Porque estudar...
Todos os dias a via passar à frente da loja onde ele trabalhava. Ele tinha 20 anos e ela deveria ter cerca de 16! Como ela era linda! Que rosto maravilhoso! Descobriu que ela estudava em um colégio na mesma rua da loja e voltava todos os dias após o meio dia! Que bom! Ela tinha um horário certo para voltar do estudo e passar à frente da loja! Ciente disso, todos os dias fazia o possível para vê-la passar! Ficava obervando a rua e às vezes apreensivo quando estava atendendo uma cliente e a via passar! Ai, meu Deus, por que esta cliente apareceu exatamente neste momento! Falava com seus botões!
Quando não estava atendendo, pegava algumas peças de tecidos, colocava-as sobre o balcão e ficava imaginando como ela ficaria bonita vestida com roupas confeccionados com aqueles tecidos! Ora a imaginava em um exuberante vestido vermelho, ora em um amarelo-ouro-velho, ora em um azul celeste! Como deveria ficar maravilhosa principalmente se estivesse passeando ao seu lado!

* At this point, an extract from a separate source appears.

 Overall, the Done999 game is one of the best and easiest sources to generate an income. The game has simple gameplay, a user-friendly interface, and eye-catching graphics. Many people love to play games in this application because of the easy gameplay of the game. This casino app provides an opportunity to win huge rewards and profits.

Sentia-se acanhado quando estava admirando as peças de tecidos sobre o balcão e o gerente chegava. Este, entretanto fingia não ver o que estava acontecendo e imaginava o sofrimento e o amor platônico que o jovem funcionário cultivava pela "menina". Ao invés de repreendê-lo, resolveu presenteá-lo com um corte do melhor tecido para que ele a surpreendesse!
- Escolha o que quiser para presenteá-la!

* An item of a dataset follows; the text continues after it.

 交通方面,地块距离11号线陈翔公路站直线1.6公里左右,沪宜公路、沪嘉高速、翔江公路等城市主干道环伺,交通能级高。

Inebriado, pegou a tesoura de corte mais fino para que não houvesse formação de fiapos. Pegou o pano e cortou-o com flechas de fogo nos olhos e na alma! Que maravilha! Com aquele corte a conquista estava garantida! Embrulhou o corte com o papel bonito e brilhante e colocou-o no canto da prateleira! À primeira oportunidade o entregaria para ela!
- Quanto tenho de pagar pelo tecido? Perguntou ao gerente.
- Nada... É um presente...
Emocionou-se! Teve de enxugar uma lágrima no canto do olho, mas ficou firme!
Olhou para o relógio! Meio dia em ponto! Dentro de 10 minutos ela deveria passar à frente da loja! Esfregou as mãos uma na outra, respirou fundo, pegou o presente e colocou-o sobre o balcão. Olhou para o gerente! Ele fingiu que nada viu e continuou olhando alguns papéis da loja. 12 horas e 8 minutos! Os segundos corriam rapidamente e o coração disparava na frente deles! Ele pega o embrulho quando duas senhoras entram na loja! Ele deixa o embrulho sobre o balcão e atende as senhoras recém-chegadas. Com o rabo dos olhos vê que a garota passa apressada! Não se manifesta, mas pensa: que azar, havia perdido a grande oportunidade de sua vida! Tudo bem, ficaria de olho, no outro dia! Pegou o embrulho e colocou-o na extremidade da prateleira!
No outro dia, por coincidência, está atendendo uma cliente quando percebe que "ela" acaba de passar. Olha para o presente como se ele fosse uma pessoa e diz: "ainda não foi hoje"! No dia seguinte esperava-a com o embrulho na mão à porta da loja quando um amigo para para conversar. Percebe que a garota vem chegando, mas o amigo não lhe permite o encontro e o diálogo tão esperado! Tudo bem! Seria na próxima segunda-feira!
Vieram segunda, terça, quarta, sábado e muitos outros dias... Ele nunca mais a viu passar! Teria mudado de escola? Teria se formado? Teria mudado de cidade?
O embrulho ficou na extremidade da prateleira! A desilusão foi crescendo no seu peito! De vez em quando trocava o tecido de lugar, fazia-lhe algum carinho, dialogava com ele, mas já sem grande entusiasmo!
O tempo passou. Certo dia, ao passar por uma banca de jornal viu a foto dela estampada na primeira página do jornal da cidade! Era ela! Como estava linda com aquele chapéu de formatura na cabeça! Parou para ver a reportagem: ela formara-se em advocacia, acabara de prestar concurso para juiz de direito e assumiria em cidade satélite da capital paulista!
Ele comprou o jornal e dirigiu-se para casa molhando-o de suor e lágrimas! Ela havia se transformado em juíza de direito e ele continuava funcionário da loja!